É característica de Jane Austen tratar sobretudo de relacionamentos em suas obras. Ela fez literatura elegendo o microcosmo, as picuinhas cotidianas, as relações de famílias e as relações amorosas como temas principais de seus livros. É um que gosta do outro, que gosta do um, mas não tem coragem de falar. É outro que faz intriga de um, que é ingênuo e se deixa levar. São os outros, que disseminam entre si a relação do um e do outro também. Enfim, é assim. 

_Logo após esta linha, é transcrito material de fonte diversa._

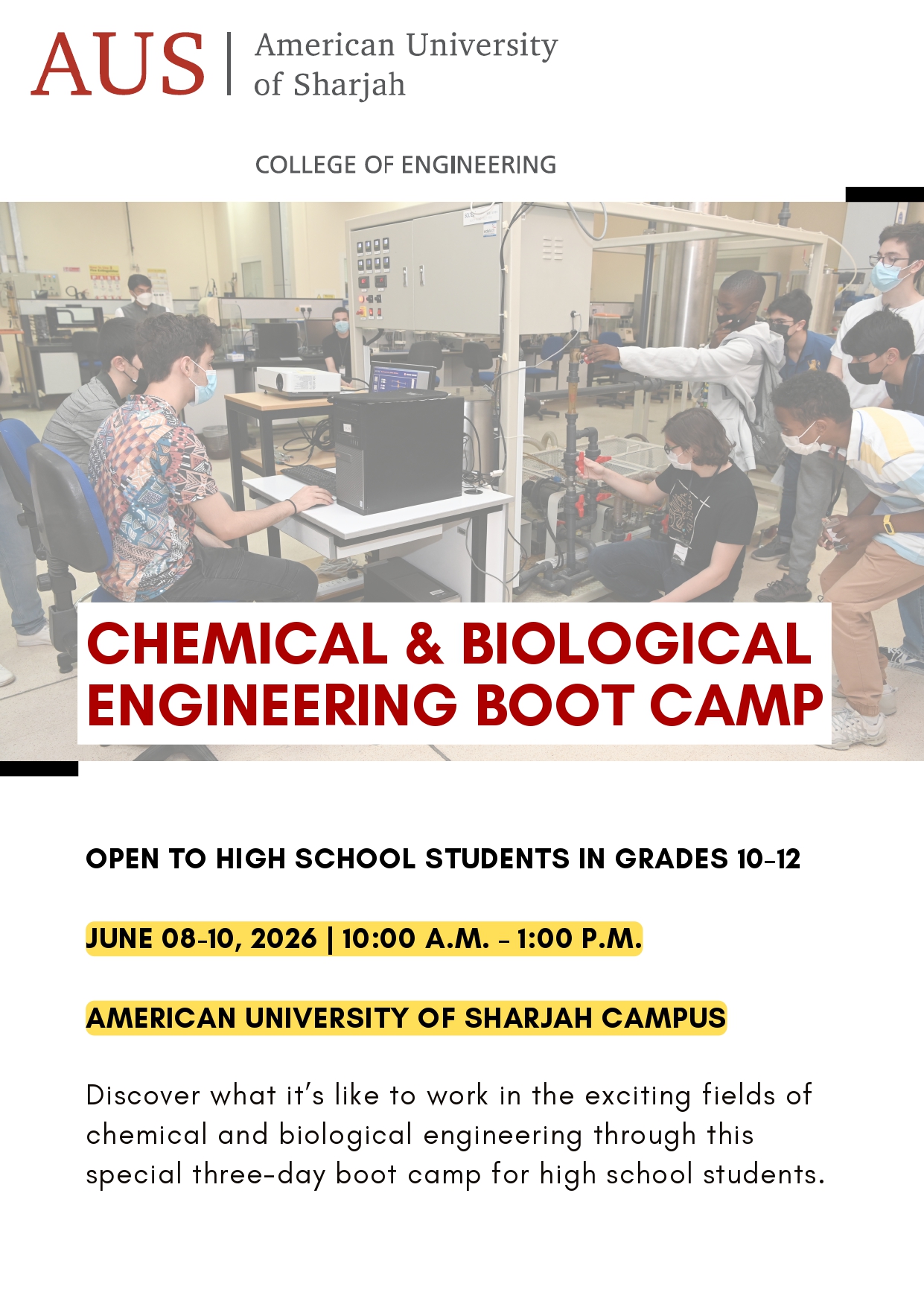 The 9th CHBE Boot Camp at the American University of Sharjah (AUS) is open to all high school students (Grade 10 – 12) in the UAE. At this informative and engaging camp, you will:

É curioso que Jane Austen tenha eleito essa temática, pois os escritores mais famosos do século XIX (Victor Hugo, Balzac, Charles Dickens, dentre outros) tratavam de vítimas da condição social resultante das Revoluções Industrial e Francesa. Além de focar em relacionamentos, suas obras abordam a classe média inglesa (burguesia?), deixando de lado a nobreza e os miseráveis, os comumentes contemplados nos romances ambientados no século XIX. Talvez esse seja a grande diferencial de Jane Austen: não considerar que no século XIX havia apenas nobreza em decadência, burguesia em ascensão e desvalidos miseráveis.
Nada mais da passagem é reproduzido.